MATERIAL PROVIDED section start
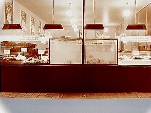 Konsums skyltfönster, fisk, skogsfågel.
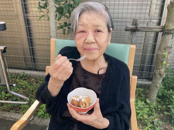 ホームでは梅雨明け前に玄関前でお茶会をしましたよ~(^^♪
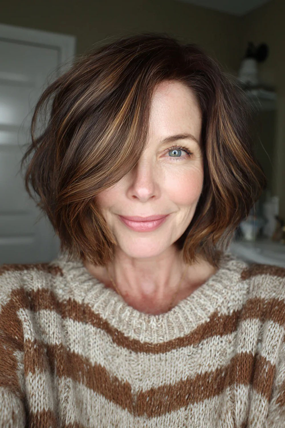 Pailgintas bobas su minkštomis bangomis ir kaštoniniu atspalviu
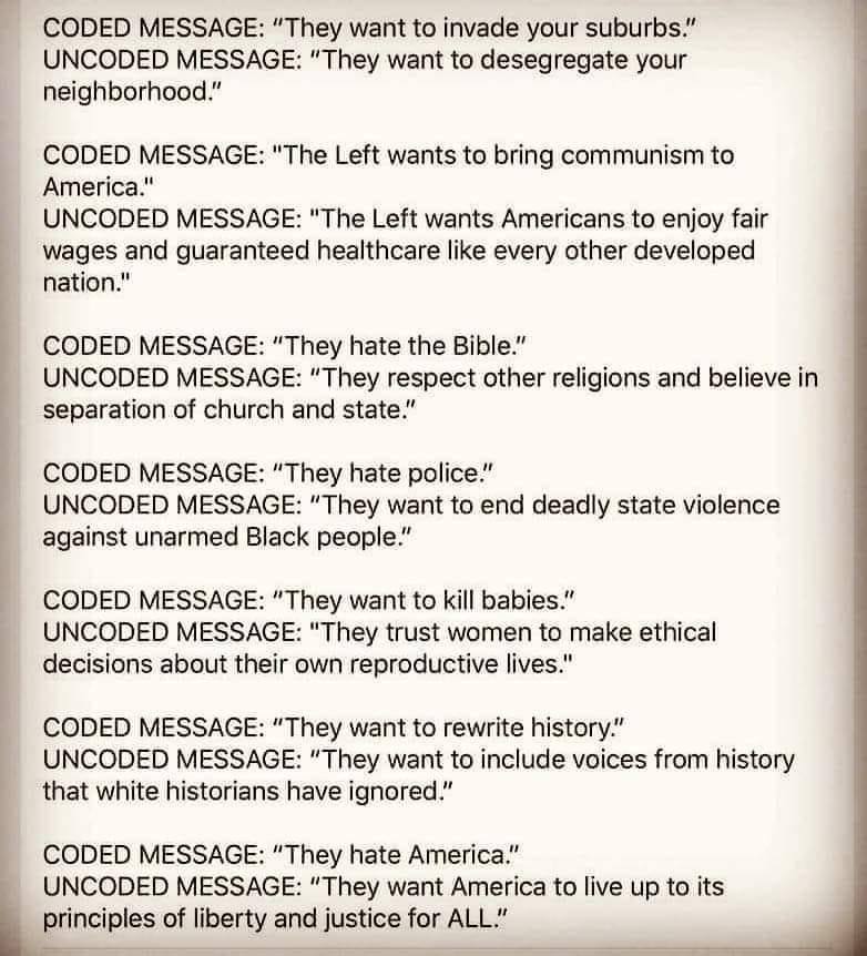 Trumpsters send out many messages regarding the left... Sometimes they need to be uncoded...
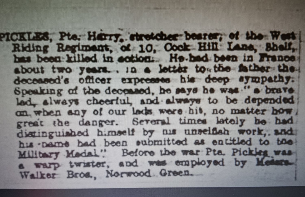 - Son of Mrs. Violet Pickles, of 23, Carr House Lane, Shelf, Halifax.
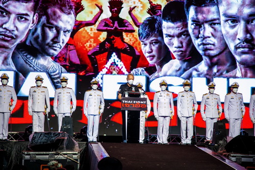 โดยมีคุณพิพัฒน์ รัชกิจประการ รัฐมนตรีว่าการกระทรวงการท่องเที่ยวและกีฬา เปิดกรวยถวายราชสักการะ และคุณสุวัจน์ ลิปตพัลลภ ประธานที่ปรึกษาคณะกรรมการอำนวยการจัดการแข่งขัน THAI FIGHT กล่าวถวายรายงาน ก่อนเข้าสู่พิธีอัญเชิญถ้วยพระราชทานในพระบาทสมเด็จพระเจ้าอยู่หัว และสมเด็จพระนางเจ้าฯ พระบรมราชินี วางหน้าพระบรมฉายาลักษณ์
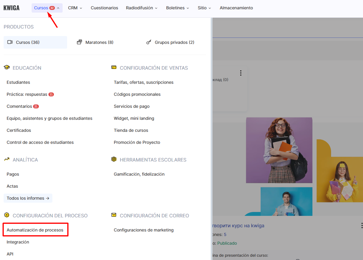 Las automatizaciones te permiten enviar plantillas de correo electrónico para eventos específicos, incluida la configuración de recordatorios que notificarán automáticamente a los estudiantes sobre el curso o acciones importantes.
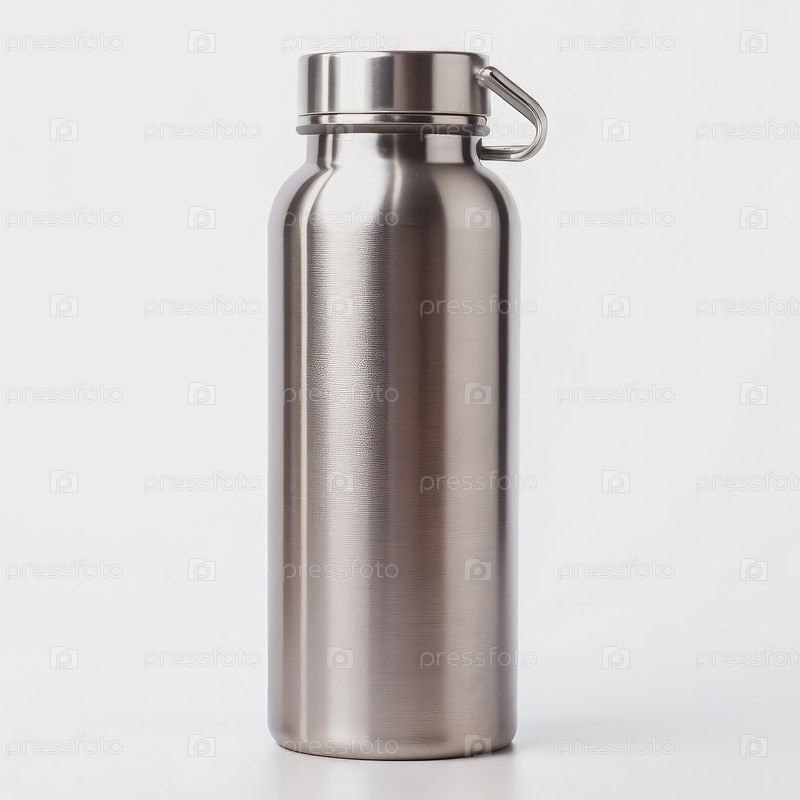 Пустая бутылка с водой из нержавеющей стали на белом фоне
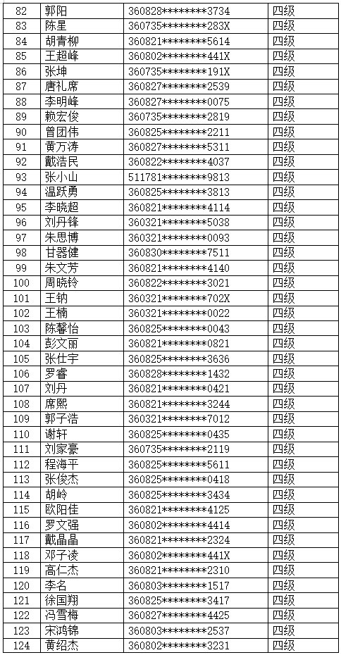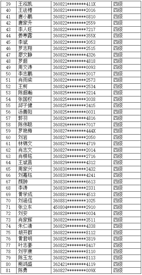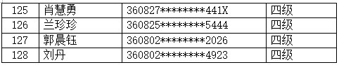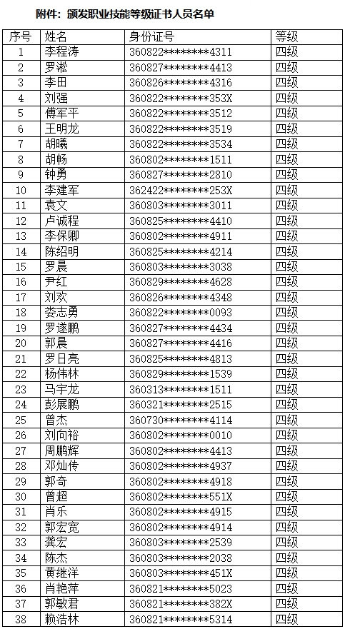 根據《江西省人力資源和社會保障廳關于遴選備案職業技能等級認定社會培訓評價組織的通知》(贛人社字(2020)302號)、(贛人社字(2022)128號)文件要求。按照《關于開展“互聯網+職業技能等級認定”試點工作的通知》(贛人社字(2020)397號)精神。我校于2024年11月25日開展了計算機及外部設備裝配調試員(計算機整機裝配調試員)等級認定,共140人(四級),通過認定考核128人。現對認定考核合格人員進行公示(名單附后)。
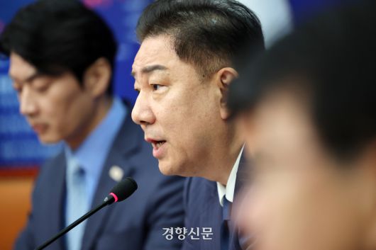 김병기 더불어민주당 대표 직무대행 겸 원내대표(가운데)가 지난 20일 국회에서 열린 최고위원회의에서 발언하고 있다. 박민규 선임기자 |
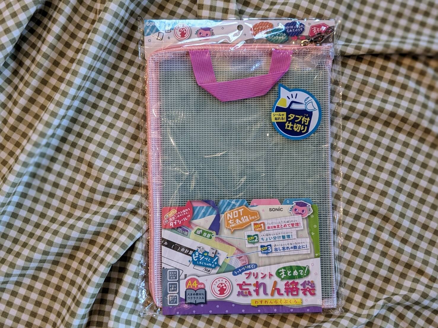 1、2年生の間は学校から支給された連絡袋を使っていた長女ですが、ボロボロになってきたのもあって、新しく用意したのが『忘れん絡袋』です。
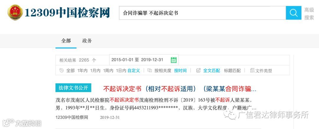 笔者在人民检察院案件信息公开网上进行检索,在2015-2019五年期间,共检索到20821份合同诈骗罪案件的起诉书和不起诉决定书,其中起诉书为18556份,不起诉决定书为2265份,不起诉率为10.88%。
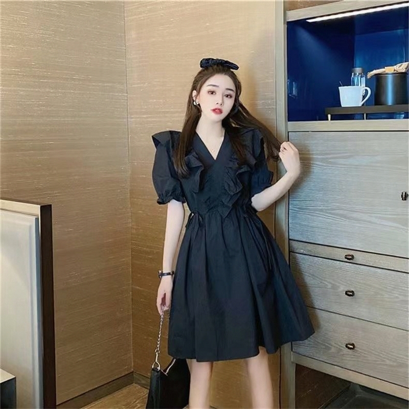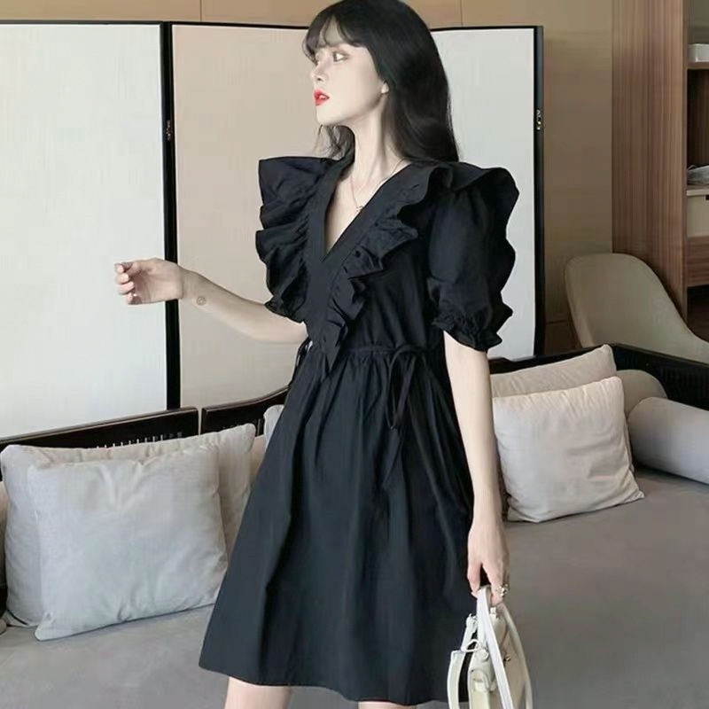小个子小黑裙显瘦气质泡泡袖法式衬衫裙2025黑色赫本连衣裙春夏女
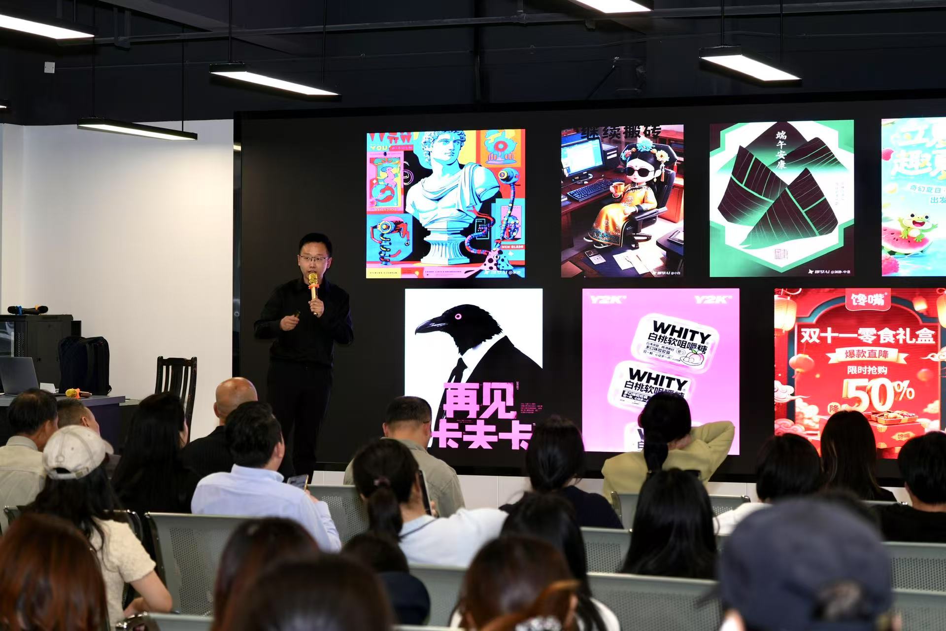 夏老师是南京大学博士,深耕大模型领域多年,主要研究方向为多模态人工智能、机器视觉、自然语言处理等,致力于将先进人工智能算法应用于实际产业中。他从底层逻辑来分析,多模态大模型能理解艺术家的模糊指令,甚至提出反直觉的创意方案。他以团队开发的AI设计系统为例,展示了一套家具设计方案如何通过人机交互迭代5次后,最终生成连设计师都惊叹的"东方极简主义"作品。
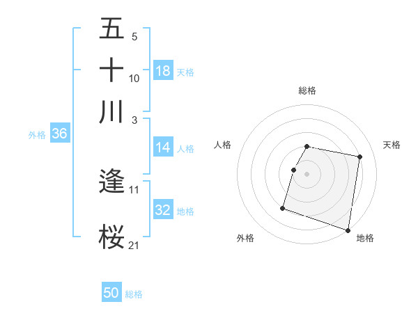 五十川 逢桜さんを姓名の画数から五運を鑑定
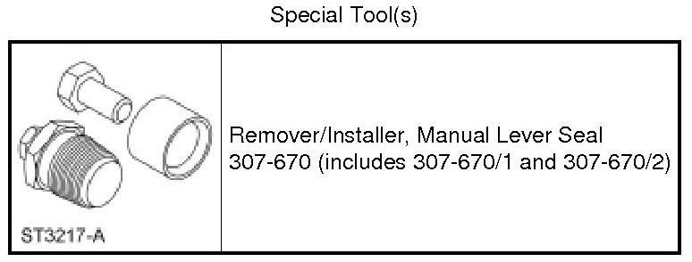 Using the special tool and a suitable tool, apply slight pressure to the special tool, remove and discard the manual control lever seal.
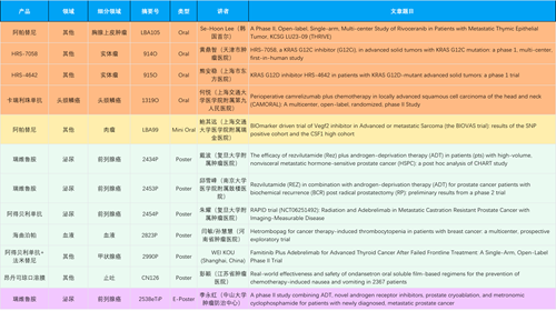 在胸腺上皮肿瘤、头颈鳞癌、肉瘤、前列腺癌、甲状腺癌等其他多个疾病领域,卡瑞利珠单抗、阿帕替尼、瑞维鲁胺、阿得贝利单抗、法米替尼、HRS-7058、HRS-4642等抗肿瘤创新药相关研究一共入选了4项口头报告、1项简短口头报告、4项壁报、1项电子壁报,彰显了j9国际站强大的研发实力。此外,海曲泊帕和昂丹司琼口溶膜分别在防治化疗导致的血小板减少和恶心呕吐方面各有1项研究入选壁报。
MATERIAL PROVIDED section end
INSTRUCTIONS FOR THE TASK: Set down the entries above word for word, but drop any image.

EXERCISE RESPONSE:
 Konsums skyltfönster, fisk, skogsfågel.
 ホームでは梅雨明け前に玄関前でお茶会をしましたよ~(^^♪
 Pailgintas bobas su minkštomis bangomis ir kaštoniniu atspalviu
 Trumpsters send out many messages regarding the left... Sometimes they need to be uncoded...
 - Son of Mrs. Violet Pickles, of 23, Carr House Lane, Shelf, Halifax.
 โดยมีคุณพิพัฒน์ รัชกิจประการ รัฐมนตรีว่าการกระทรวงการท่องเที่ยวและกีฬา เปิดกรวยถวายราชสักการะ และคุณสุวัจน์ ลิปตพัลลภ ประธานที่ปรึกษาคณะกรรมการอำนวยการจัดการแข่งขัน THAI FIGHT กล่าวถวายรายงาน ก่อนเข้าสู่พิธีอัญเชิญถ้วยพระราชทานในพระบาทสมเด็จพระเจ้าอยู่หัว และสมเด็จพระนางเจ้าฯ พระบรมราชินี วางหน้าพระบรมฉายาลักษณ์
 Las automatizaciones te permiten enviar plantillas de correo electrónico para eventos específicos, incluida la configuración de recordatorios que notificarán automáticamente a los estudiantes sobre el curso o acciones importantes.
 Пустая бутылка с водой из нержавеющей стали на белом фоне
 根據《江西省人力資源和社會保障廳關于遴選備案職業技能等級認定社會培訓評價組織的通知》(贛人社字(2020)302號)、(贛人社字(2022)128號)文件要求。按照《關于開展“互聯網+職業技能等級認定”試點工作的通知》(贛人社字(2020)397號)精神。我校于2024年11月25日開展了計算機及外部設備裝配調試員(計算機整機裝配調試員)等級認定,共140人(四級),通過認定考核128人。現對認定考核合格人員進行公示(名單附后)。
 김병기 더불어민주당 대표 직무대행 겸 원내대표(가운데)가 지난 20일 국회에서 열린 최고위원회의에서 발언하고 있다. 박민규 선임기자 |
 1、2年生の間は学校から支給された連絡袋を使っていた長女ですが、ボロボロになってきたのもあって、新しく用意したのが『忘れん絡袋』です。
 笔者在人民检察院案件信息公开网上进行检索,在2015-2019五年期间,共检索到20821份合同诈骗罪案件的起诉书和不起诉决定书,其中起诉书为18556份,不起诉决定书为2265份,不起诉率为10.88%。
小个子小黑裙显瘦气质泡泡袖法式衬衫裙2025黑色赫本连衣裙春夏女
 夏老师是南京大学博士,深耕大模型领域多年,主要研究方向为多模态人工智能、机器视觉、自然语言处理等,致力于将先进人工智能算法应用于实际产业中。他从底层逻辑来分析,多模态大模型能理解艺术家的模糊指令,甚至提出反直觉的创意方案。他以团队开发的AI设计系统为例,展示了一套家具设计方案如何通过人机交互迭代5次后,最终生成连设计师都惊叹的"东方极简主义"作品。
 五十川 逢桜さんを姓名の画数から五運を鑑定
 Using the special tool and a suitable tool, apply slight pressure to the special tool, remove and discard the manual control lever seal.
 在胸腺上皮肿瘤、头颈鳞癌、肉瘤、前列腺癌、甲状腺癌等其他多个疾病领域,卡瑞利珠单抗、阿帕替尼、瑞维鲁胺、阿得贝利单抗、法米替尼、HRS-7058、HRS-4642等抗肿瘤创新药相关研究一共入选了4项口头报告、1项简短口头报告、4项壁报、1项电子壁报,彰显了j9国际站强大的研发实力。此外,海曲泊帕和昂丹司琼口溶膜分别在防治化疗导致的血小板减少和恶心呕吐方面各有1项研究入选壁报。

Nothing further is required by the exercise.